Balancing your body on single leg is difficult. Therefore the time spent in the pose differs from one person to the other, depends on comfort zone, flexibility, practice and one’s balance. Therefore stay in the asana as long as you feel comfortable and balanced.
Health benefits
Health Benefits of Eka Padasana (Virabhadrasana 3)
Below mentioned are the benefits of Eka Padasana –
- Provides strength to the leg and leg muscles
- Strengthens arms and shoulders
- Provides strength to the low back
- Provides good stretch to the muscles of the lower back and makes it flexible
- Opens up the chest and lungs, gives stretch
- Improves posture and coordination
- Improves sense of balance, cultivates inner stability
- Enhances and stabilizes nervous and neuromuscular coordination
- Improves memory and concentration
- Reduces mental imbalances, anxiety by calming the mind
- Elevates heart rate
- Burns extra calories of the body
- Increases stamina and strength
Impact on Chakras
Eka Padasana stimulates the Sahasrara Chakra or the Crown Chakra. Thus, this asana helps in providing a connection to the universe and also oneness with the divine. Activation of this Chakra brings ego-free serenity, inner peace and joy.
Contraindications and precautions
Who should not do? (Contraindications and precautions for doing Eka Padasana)
Patients suffering from below mentioned conditions should avoid doing Eka Padasana –
- Blood pressure
- Heart problems
- Bank injuries
- Severe knee and ankle pain or arthritis
Effect on Doshas
Effect of Eka Padasana on Doshas and their subtypes
Balances and controls the activities of Prana Vayu – By controlling the activities of Prana Vayu, Eka Padasana enhances a sense of balance and inner stability, stabilizes neuromuscular coordination, improves memory and coordination in synchronization with Udana Vayu, rectifies mental instabilities and anxiety, calms mind, brings inner peace and joy. This also happens due to the activation of Sahasrara Chakra by regular practice of Eka Padasana.
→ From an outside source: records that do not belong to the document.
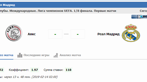 Аякс : Реал - прогноз и ставка на матч 13 февраля 2019
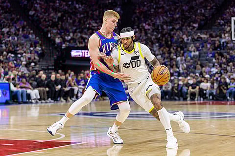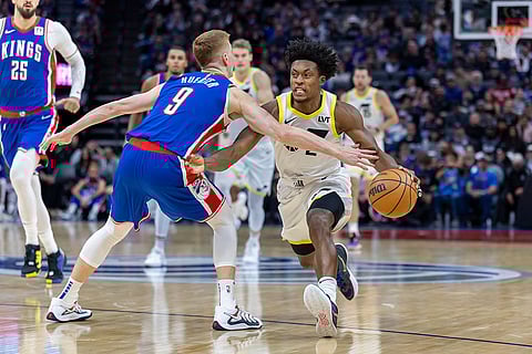 Utah Jazz forward Kyle Filipowski (22) draws the foul on Sacramento Kings forward Keegan Murray (13) during the second half of an NBA basketball game in Sacramento, Calif.
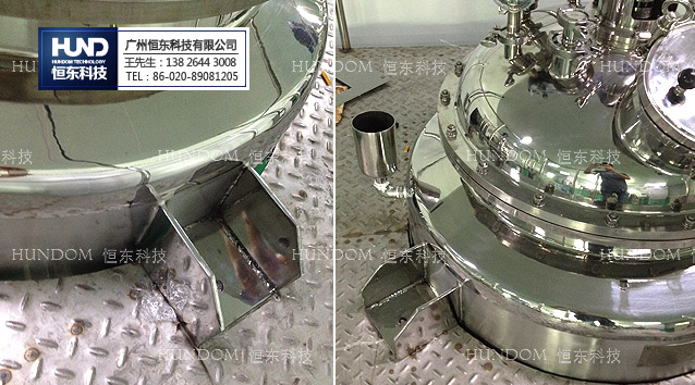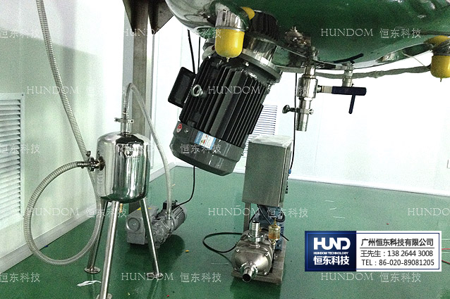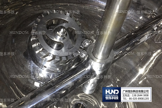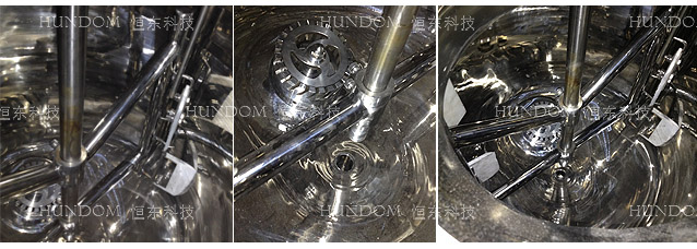 原理:离心式高速乳化头在工作时可产生巨大的旋转吸力,将转子正上方的物料旋转着吸下,然后高速抛向定子,经过转定子间的高速剪切、碰撞、粉碎后,物料汇集至出口而喷出。同时罐底防涡流挡板将旋转力转化为上下翻腾力,从而使罐内物料混合均匀,防止粉料在液面堆积聚团,而达到水合乳化的目的。
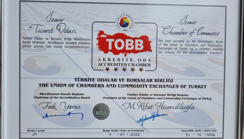 İzmir Ticaret Odası (İZTO), üyelerine kaliteli hizmet vermek için yaptığı çalışmaların karşılığını alarak “Türkiye akreditasyon birincisi” oldu. Türkiye Odalar ve Borsalar Birliği (TOBB) Akreditasyon Sistemi çerçevesinde, 2021 yılında denetime giren Ticaret Odaları arasında en yüksek puanı elde ettiklerini söyleyen İZTO Yönetim Kurulu Başkanı Mahmut Özgener, “90 bine yakın üyemiz için yaptığımız çalışmaların bir ödülü olan bu sertifika bizim için çok kıymetli. Üyelerimize verdiğimiz tüm hizmetlerde önceliğimiz her zaman ‘kalite’ oldu. Çalışmalarımızın böyle anlamlı bir ödül ile taçlanması bizi gururlandırdı. Bu motivasyonla, aynı anlayış ve istekle projelerimizi gerçekleştirmeye devam edeceğiz.” dedi.

Activates and stimulates Udana Vayu functions – By activating Udana Vayu, Eka Padasana opens up the chest and lungs, helps in proper circulation and oxygenation of tissues in synchronization with Vyana Vayu.
Effect on Dhatus
Effect of Eka Padasana on Dhatus
Strengthens Mamsa Dhatu – Eka Padasana strengthens and tones up the muscles, especially those of the leg, arms and low back, stretches the chest, and improves posture and coordination, increases the strength and stamina.
Just Before Finish
We are all looking for a good balance, immaterial of in what and where we are looking for it. In this article I have covered in detail the Eka Padasana which teaches you how to strike a balance in terms of your body balance. Apart from providing good balance, Eka Padasana provides neuromuscular balance and also good strength to your low back and legs.